__Task objective__
The pictures do not belong in the copy. Restate all of the records word for word.

[Records from a data collection]
---

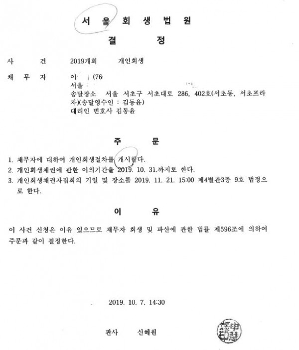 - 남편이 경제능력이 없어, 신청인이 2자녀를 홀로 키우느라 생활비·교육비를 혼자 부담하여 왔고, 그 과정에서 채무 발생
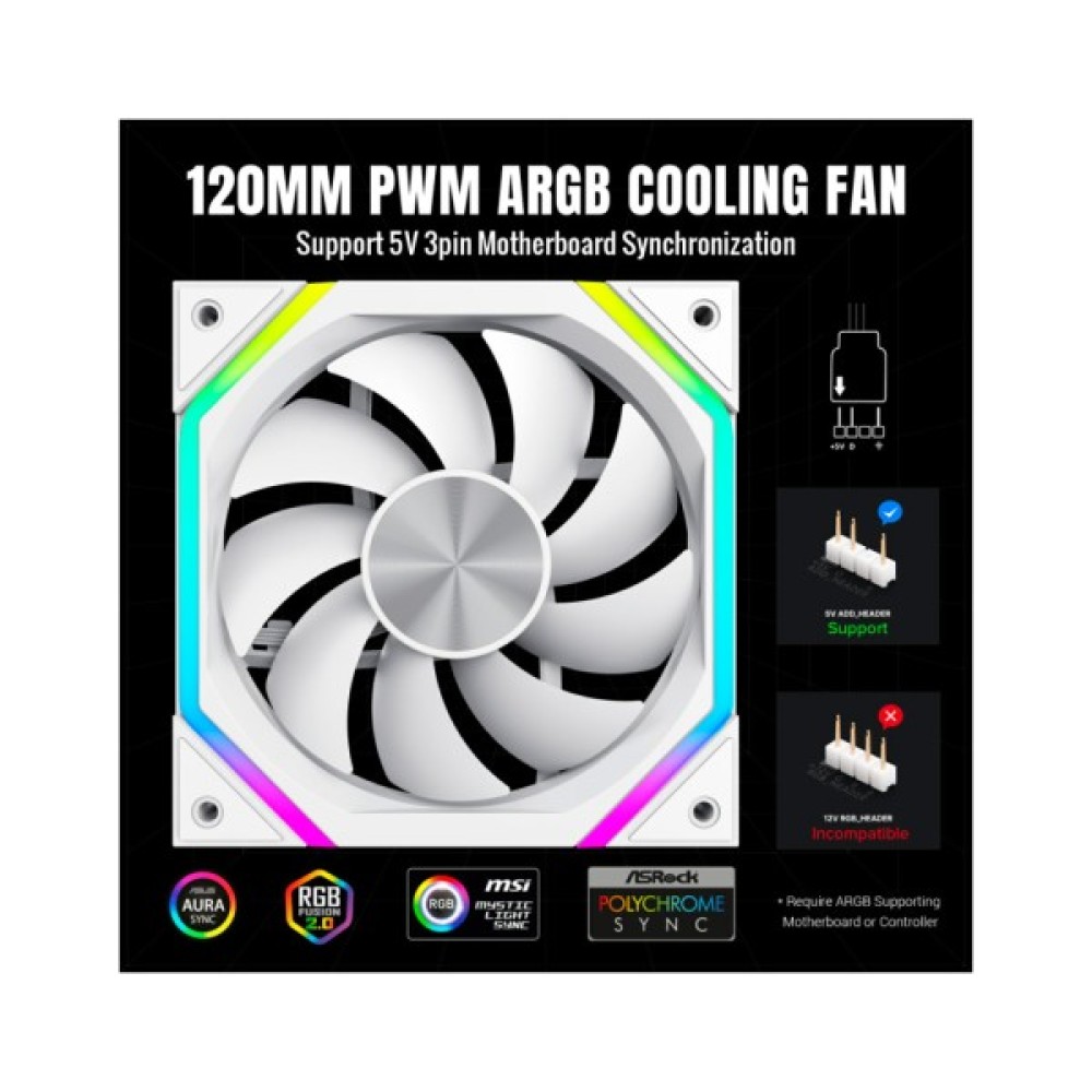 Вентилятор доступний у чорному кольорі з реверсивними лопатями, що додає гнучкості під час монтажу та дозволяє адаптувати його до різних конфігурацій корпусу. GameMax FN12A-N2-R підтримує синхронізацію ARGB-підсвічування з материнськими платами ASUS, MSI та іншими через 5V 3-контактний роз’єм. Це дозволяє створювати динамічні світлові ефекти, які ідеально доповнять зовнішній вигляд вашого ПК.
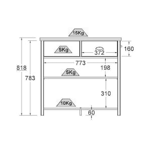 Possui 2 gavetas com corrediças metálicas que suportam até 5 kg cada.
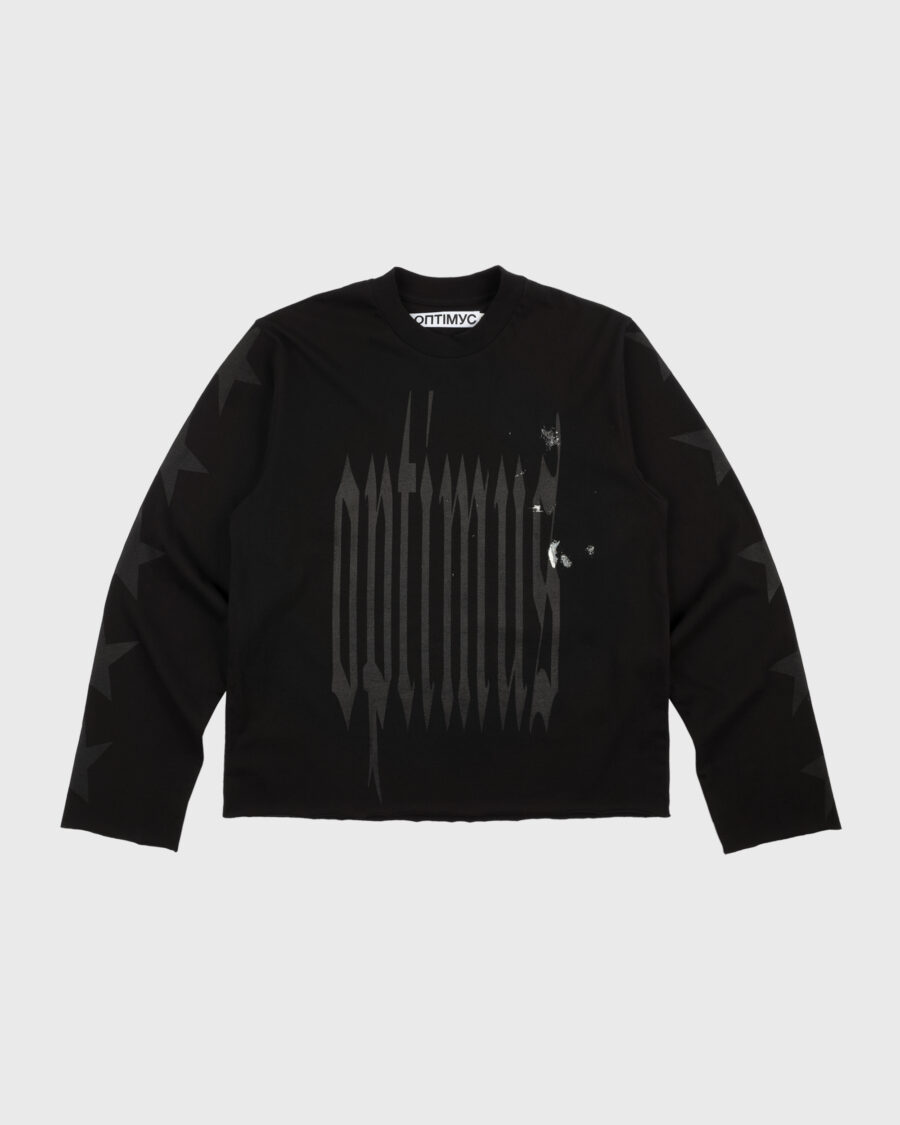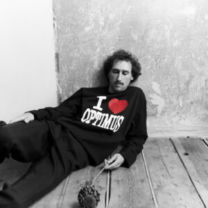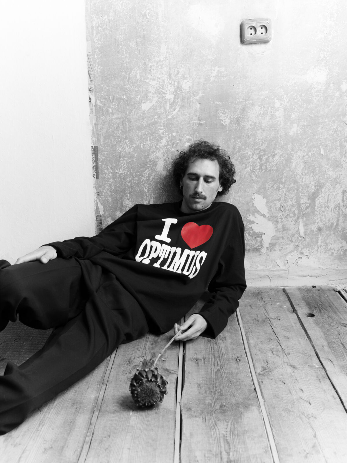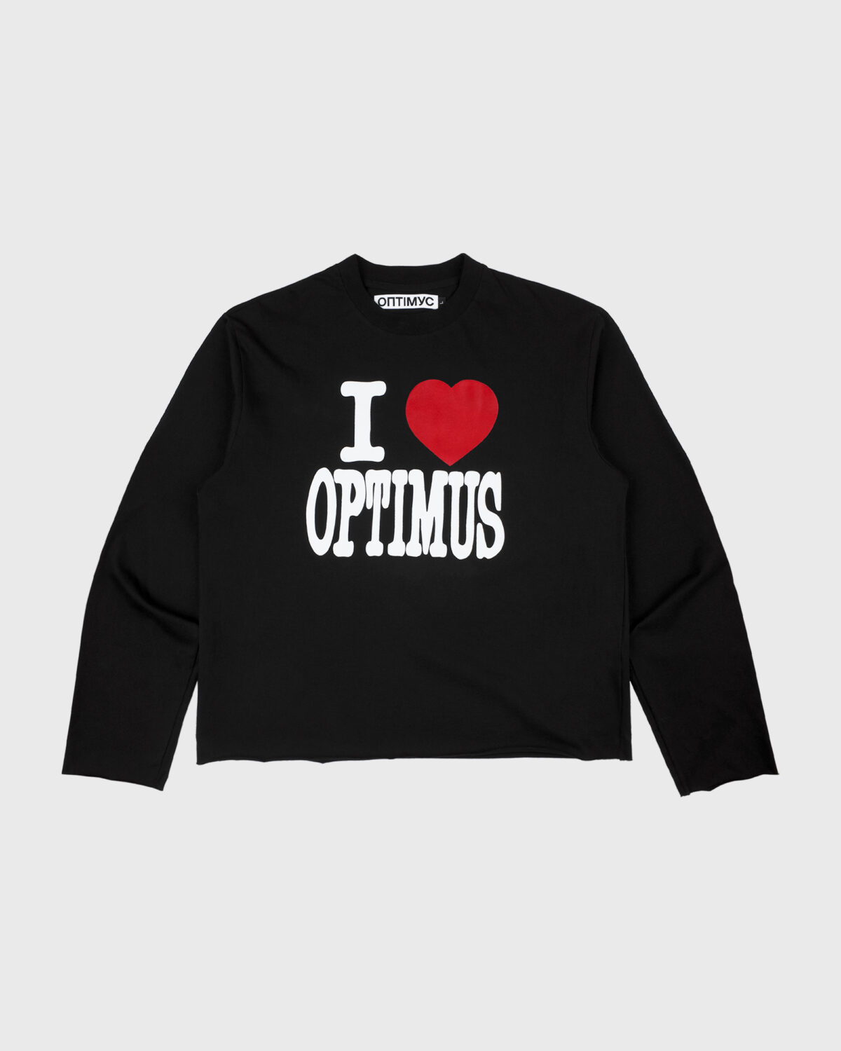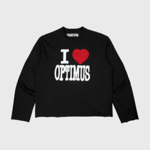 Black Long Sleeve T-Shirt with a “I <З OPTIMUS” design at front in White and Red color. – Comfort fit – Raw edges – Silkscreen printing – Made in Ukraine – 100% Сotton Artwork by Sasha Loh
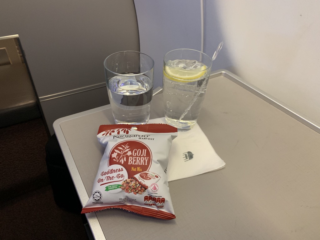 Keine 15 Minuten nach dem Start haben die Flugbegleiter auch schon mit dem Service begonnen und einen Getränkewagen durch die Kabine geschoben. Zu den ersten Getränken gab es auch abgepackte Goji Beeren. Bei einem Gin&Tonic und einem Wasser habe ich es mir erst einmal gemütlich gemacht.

---

__Task response__
 - 남편이 경제능력이 없어, 신청인이 2자녀를 홀로 키우느라 생활비·교육비를 혼자 부담하여 왔고, 그 과정에서 채무 발생
 Вентилятор доступний у чорному кольорі з реверсивними лопатями, що додає гнучкості під час монтажу та дозволяє адаптувати його до різних конфігурацій корпусу. GameMax FN12A-N2-R підтримує синхронізацію ARGB-підсвічування з материнськими платами ASUS, MSI та іншими через 5V 3-контактний роз’єм. Це дозволяє створювати динамічні світлові ефекти, які ідеально доповнять зовнішній вигляд вашого ПК.
 Possui 2 gavetas com corrediças metálicas que suportam até 5 kg cada.
 Black Long Sleeve T-Shirt with a “I <З OPTIMUS” design at front in White and Red color. – Comfort fit – Raw edges – Silkscreen printing – Made in Ukraine – 100% Сotton Artwork by Sasha Loh
 Keine 15 Minuten nach dem Start haben die Flugbegleiter auch schon mit dem Service begonnen und einen Getränkewagen durch die Kabine geschoben. Zu den ersten Getränken gab es auch abgepackte Goji Beeren. Bei einem Gin&Tonic und einem Wasser habe ich es mir erst einmal gemütlich gemacht.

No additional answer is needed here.